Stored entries
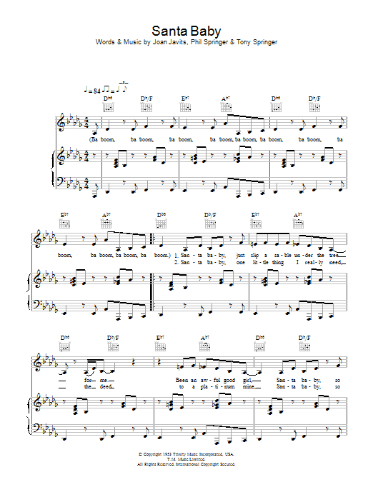 Download or print Eartha Kitt Santa Baby sheet music, chords and digital score arranged for Very Easy Piano. This Christmas score includes 3 page(s).
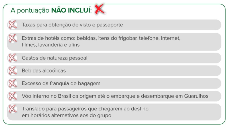 - Os pontos deste resgate consideram a parte terrestre da programação ao longo dos dias, com hospedagem*, por pessoa, em apartamento duplo (2 pessoas dividindo o mesmo apartamento). - Os pontos deste resgate considera passagem aérea apenas do trecho internacional (SP/Chicago/SP), em classe econômica, sem marcação de assento **
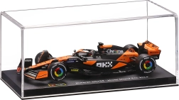 Díky figuře jezdce Oscara Piastriho v kokpitu působí model dynamicky i při statickém vystavení. Průhledný display box na podstavci chrání před prachem a umožňuje prohlížet detaily ze všech stran – ideální pro regál, kancelář i dětský pokoj každého fanouška.
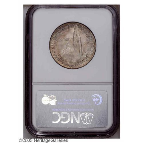 <B>1936-D<50C> San Diego MS66 NGC.</B></I> Well struck and satiny, with a deep coating of variegated tan, gold, green, and reddish coloration over both sides. A few minor marks are evident, but they are well concealed by the rich patina.
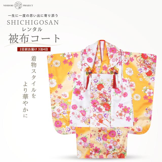 七五三 レンタル 女の子 3歳 被布コート 着物 フルセット 753着物 着物レンタル 貸衣装 七五三 三歳 和装 黄色 イエロー 白 古典 金彩 No.326
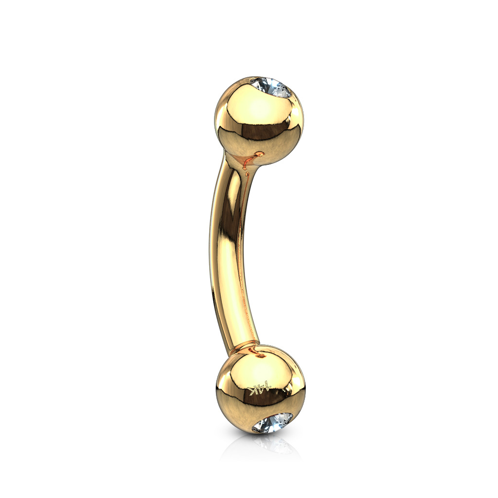 Vacker och feminin böjd stav av 14 karat guld med en gnistrande klar sten i bägge kulor som är monterad i slutet. Denna stav är perfekt för dig som gillar det tidlösa klassiska looken med ett diskret rör av graciös elegans. Staven här är som en ung tjej som visar sin skönhet till världen med nedslåede ögon - framför att föra sig fram som en popsmart prinsessa. Den är diskret, tidlös och feminin på en ytterst raffinerad sätt. Staven finns i två olika längder som kan väljas innan du lägger varan i korgen.
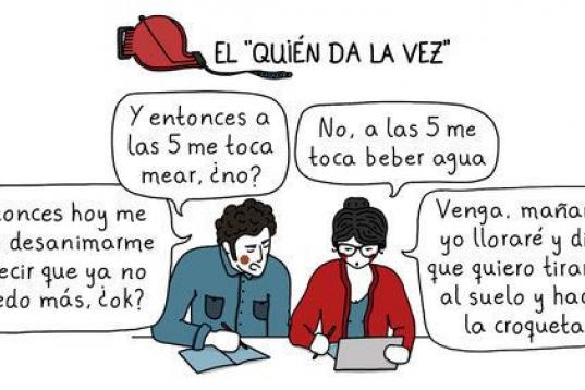 Algo sabe de todo esto Mamen Jiménez, que además de psicóloga especializada en pareja y sexología, con una buena cantidad de situaciones en su consulta, fue madre de un hijo hace tres años, por lo que ella misma (y su pareja) han pasado por muchas de estas situaciones. Tantas que decidió crear un blog para recoger todo lo que había pasado y para plasmar muchas de las vivencias que veía en sus pacientes. Y ahora esa bitácora se ha convertido en un libro, Amor con ojeras (Editorial Lunwerg), que narra todo lo que vive una pareja tras tener un hijo y que sale a la venta este 27 de septiembre. Para darle más gracia al asunto, los textos están acompañados de divertidas viñetas hechas por ella misma. "En el primer año, con tanto sueño, lo de los dibujitos ayuda mucho", ríe Jiménez divertida en una entrevista telefónica a El Huffington Post.
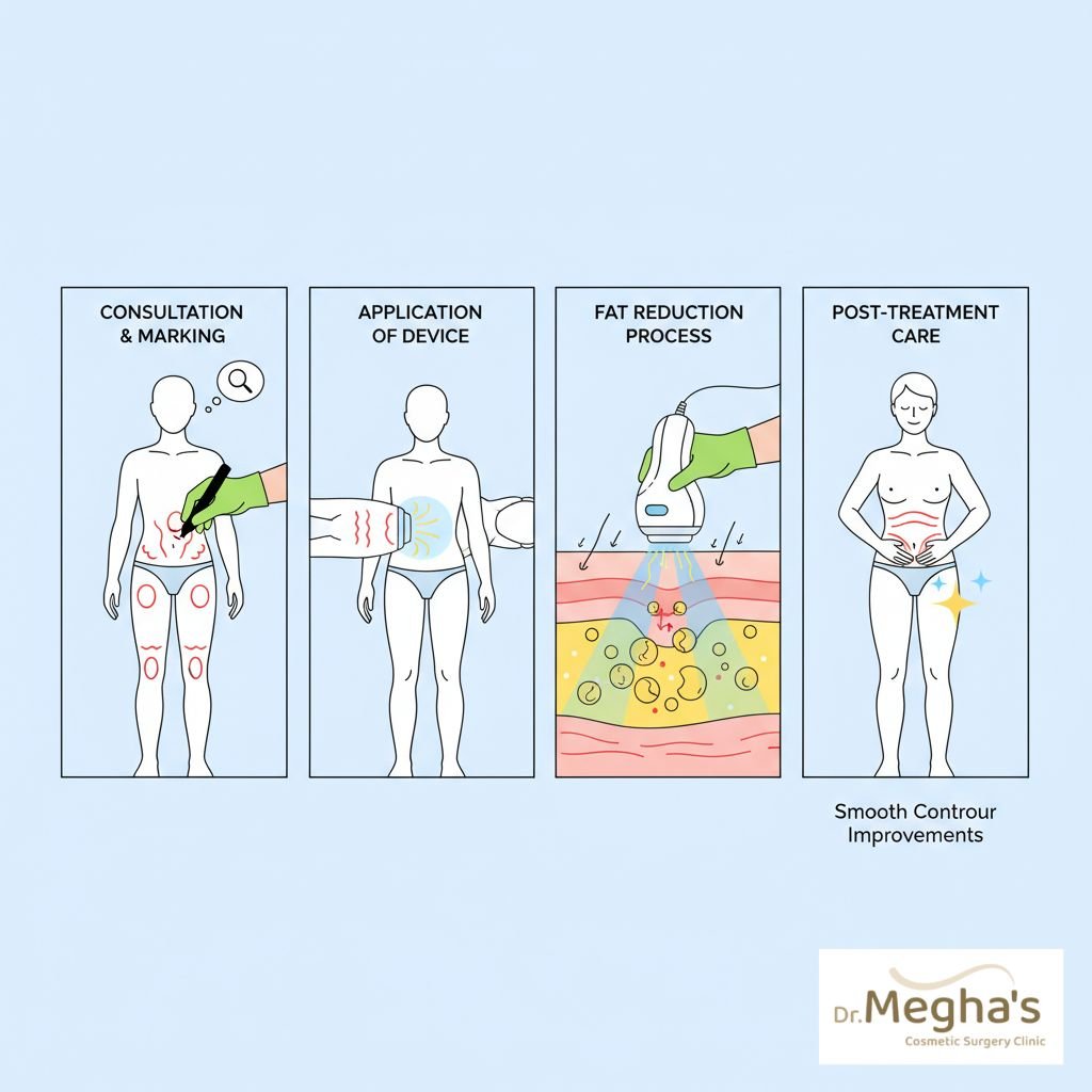 It is a fat-reduction treatment that uses advanced technology to break down fat cells without surgery. The body naturally removes these broken fat cells over time.

▶ Task goal
The line holding "七五三 レンタル 女の子" starts the copy and the line holding "Vacker och feminin" ends it. Repeat those two lines above and all between them exactly, leaving out pictures.

▶ Exercise solution
 七五三 レンタル 女の子 3歳 被布コート 着物 フルセット 753着物 着物レンタル 貸衣装 七五三 三歳 和装 黄色 イエロー 白 古典 金彩 No.326
 Vacker och feminin böjd stav av 14 karat guld med en gnistrande klar sten i bägge kulor som är monterad i slutet. Denna stav är perfekt för dig som gillar det tidlösa klassiska looken med ett diskret rör av graciös elegans. Staven här är som en ung tjej som visar sin skönhet till världen med nedslåede ögon - framför att föra sig fram som en popsmart prinsessa. Den är diskret, tidlös och feminin på en ytterst raffinerad sätt. Staven finns i två olika längder som kan väljas innan du lägger varan i korgen.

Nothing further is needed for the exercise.